St. Augustine typically needs 1 inch of water per week. This can be in the form of rainfall or a sprinkler. If using a sprinkler, be sure to use in the morning so the grass will not burn in the full sun of the day or stay damp at night. Do not overwater St. Augustine grass to avoid pooling water. Lawns that remain damp for long periods of time are prone to fungus.
St. Augustine Grass Weeds and Diseases
Weeds often have a hard time growing in thick, dense turfs like St. Augustine but will grow when lawns are in periods of stress, such as drought. Weeds can also blow in from neighboring lawns.
We suggest applying a pre-emergent herbicide after the last frost of the spring (if any) and again in the fall before the weather cools. Use a post-emergent herbicide on any weeds that do appear. Check the label of the pre-emergent for temperature restrictions.
DoMyOwn's Herbicide Guides break down when, where, and how often to apply pre and post-emergent herbicides. Our lawn care guides can also help you identify and get rid of specific weeds, like crabgrass and nutsedge.
St. Augustine Disease Control
The warm, tropical climates where St. Augustine turf is typically found provide the perfect conditions for lawn fungus and disease to thrive. Gray spot, root rot, and large patch (also known as brown patch) are common in St. Augustine.
Preventative fungicides are the best way to keep fungi out of your lawn. They can also help with existing fungal diseases. Read our guide on fungicides to learn how to choose a fungicide and when to apply.

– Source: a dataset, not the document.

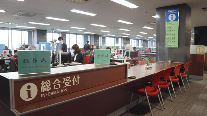2階総合受付の奥側がフリーアドレス化された執務スペース。
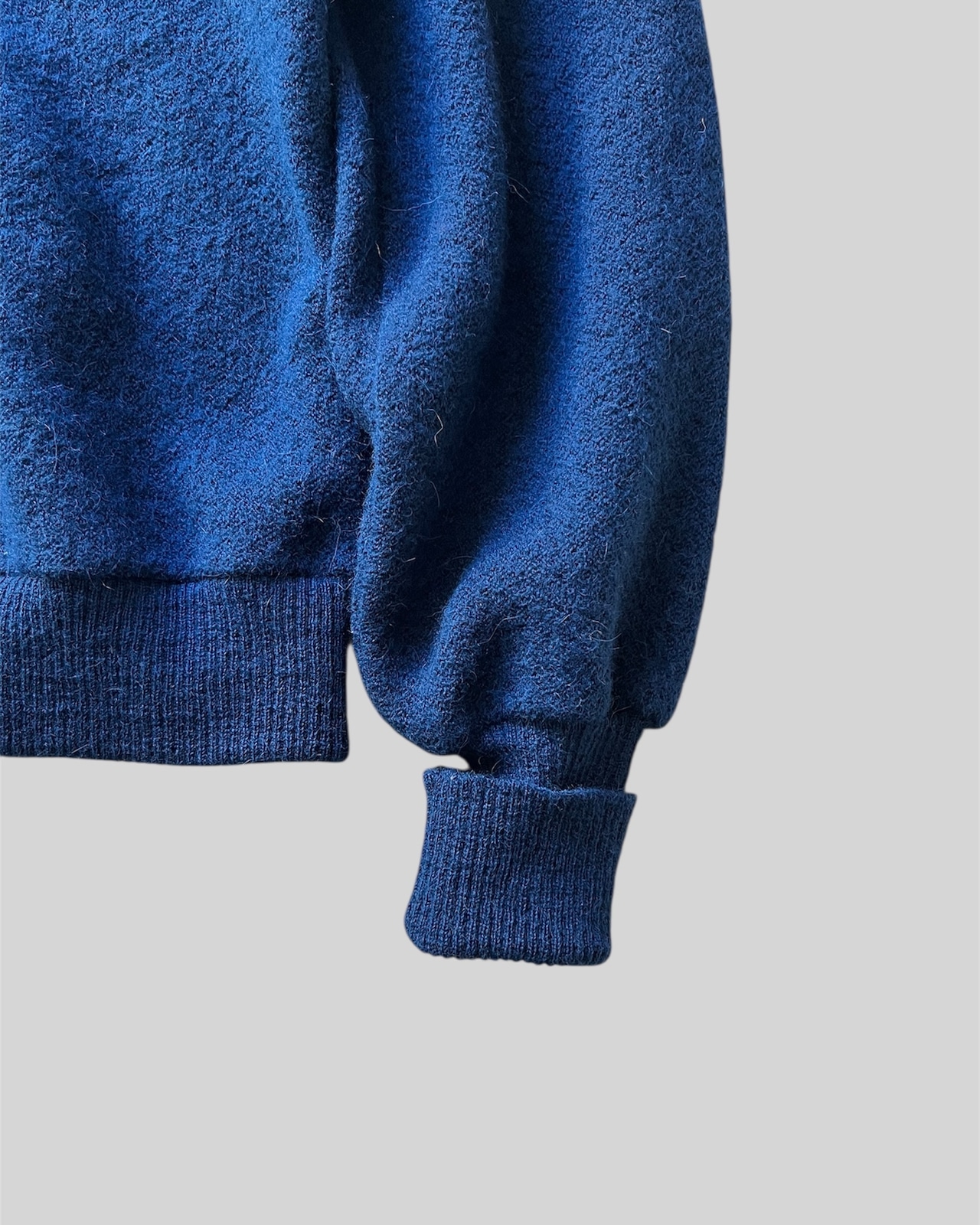 綺麗なブルーでウール、アルパカで化学繊維なし。肌触りも良く、しなやかな生地感です

DoMyOwn knows it can be difficult to select the right fungicide and weed control for your lawn, that's why we offer our Turf Box Subscription Program. We'll send you products throughout the year that are sized for your lawn and work in your climate and grass type. Subscribers also save on additional lawn care products.
St. Augustine Pest Control
Many different pests can live in your lawn, but those with St. Augustine lawns need to watch out for chinch bugs. These tiny pests suck the moisture out of grass blades, then leave behind a substance that kills the grass. Lawns with chinch bugs often appear to be affected by drought. Learn more about chinch bugs and how to get rid of them.
St. Augustine grass is thick, lush, and green. It may require some maintenance, but a little work goes a long way.